No fim do ano de 2023, houve o rumor da junção da Quick-Step com a Visma, que na altura passava dificuldades de patrocinador porque a Jumbo deixou de patrocinar a estrutura. E claro que Lefevere metido ao barulho, talvez numa tentativa de rivalizar com a UAE e a Alpecin e de voltar a ter uma estrutura mais competitiva e dominadora como em tempos idos. Várias foram as críticas feitas por parte de figuras públicas ligadas à história da Quick-Step, mas, felizmente, a meu ver, as negociações foram um fracasso.

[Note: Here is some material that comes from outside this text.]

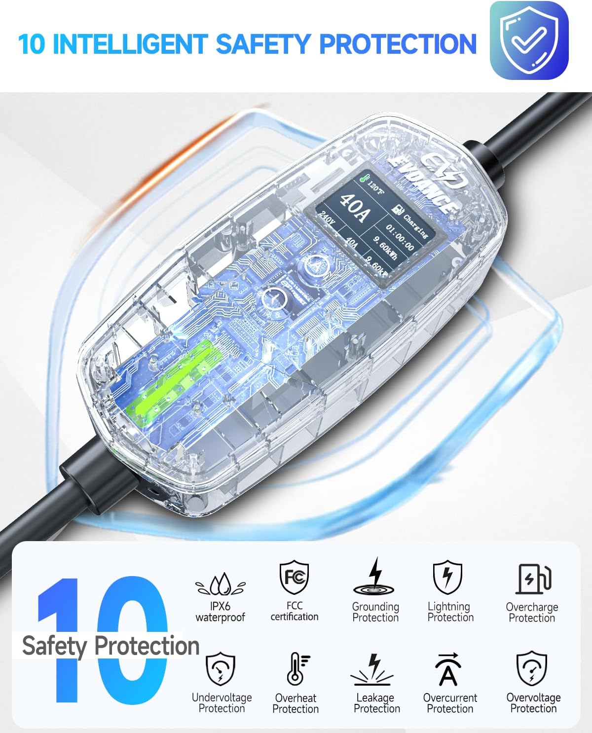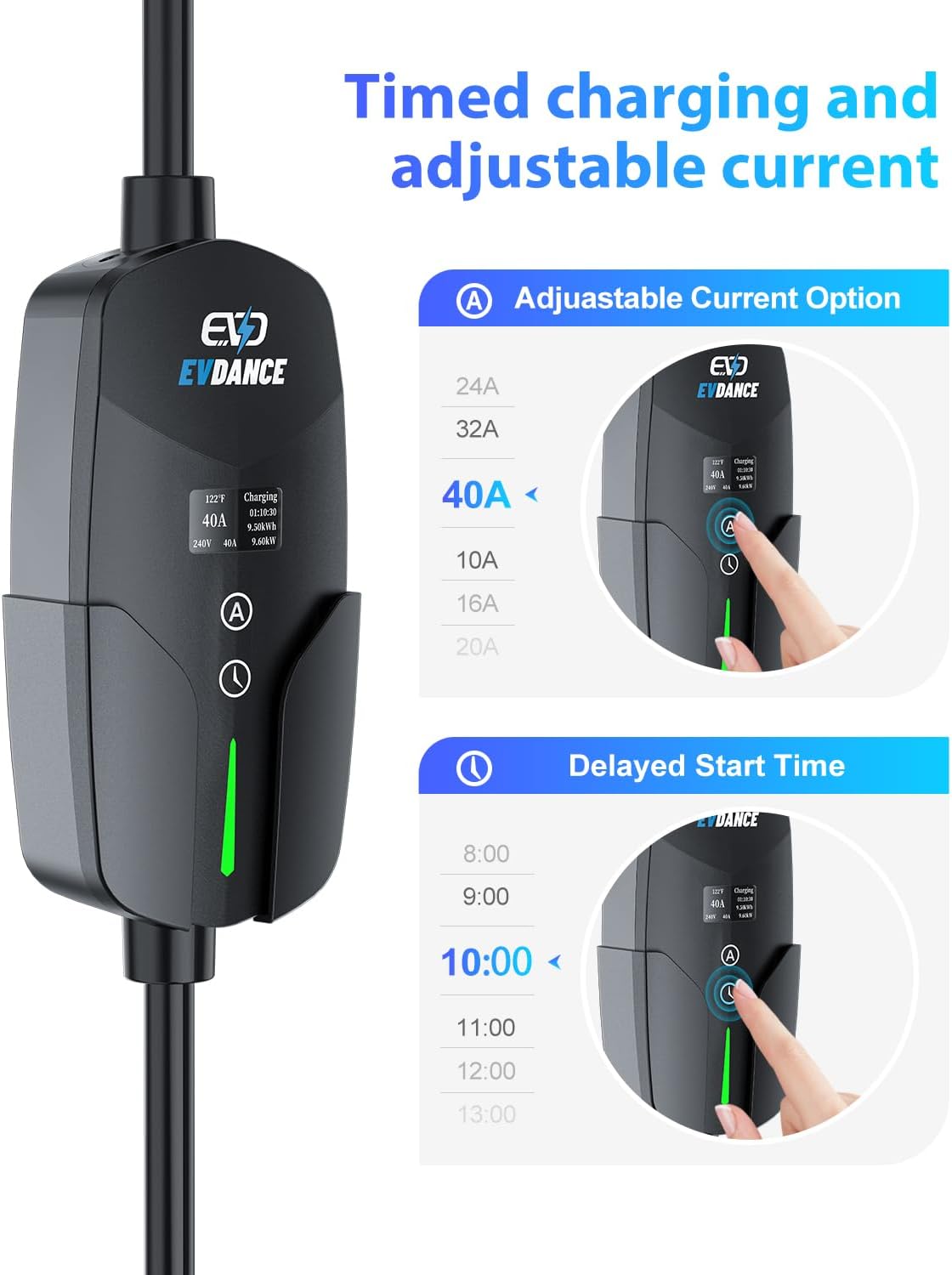 - SMART CHARGING: Adjust the current limit (10A/16A/20A/24A/32A/40A) to match your home’s circuit and with delay start, you can stagger the peak period of use to save electricity and reduce load

Vários foram os conflitos, os mais recentes com Julian Alaphilippe e sua esposa Marion Rousse ou os desagradáveis comentários sobre o ciclismo feminino, ainda em 2021, afirmando que não compensaria investir no mesmo. No entanto, em 2022, Lefevere investe numa equipa feminina: a NXTG Racing, atual AG Insurance - Soudal Team.

Houve ainda o conflito com pai de Evenepoel, mas nem só de atritos se conta a história do Tio Pat. Em 2008, Tom Boonen é apanhado com cocaína na Bélgica. O acontecimento vira notícia em todos os jornais e logo emerge uma campanha para forçar a organização da Volta a França a não deixar participar o corredor belga na prova mais importante do mundo. Como resultado, os primeiros a rejeitar a sua participação foram os organizadores do Tour de Suisse e, à boleia disso, não foi ao Tour de France defender a camisola verde conquistada no  ano anterior. Lefevere e os patrocinadores da equipa, no entanto, decidiram manter Boonen na formação belga por tudo o que ele já tinha dado à equipa e, visto que este não foi suspenso pela UCI, continuou a participar nas provas em que foi aceite chegando ainda a estar na Vuelta desse ano. Lefevere foi uma das pessoas que mais ajudou Boonen nesse momento difícil a nível pessoal, mas também foi um dos que o multou a nível profissional pois o que se tinha passado tinha afetado futuros negócios de investimento na equipa para o ano seguinte e ele tinha de “sofrer as consequências dos seus atos”.

É por isto tudo e por muito mais que provavelmente ficou por escrever, que acho Patrick Lefevere um génio na gestão das suas equipas, mas também um louco.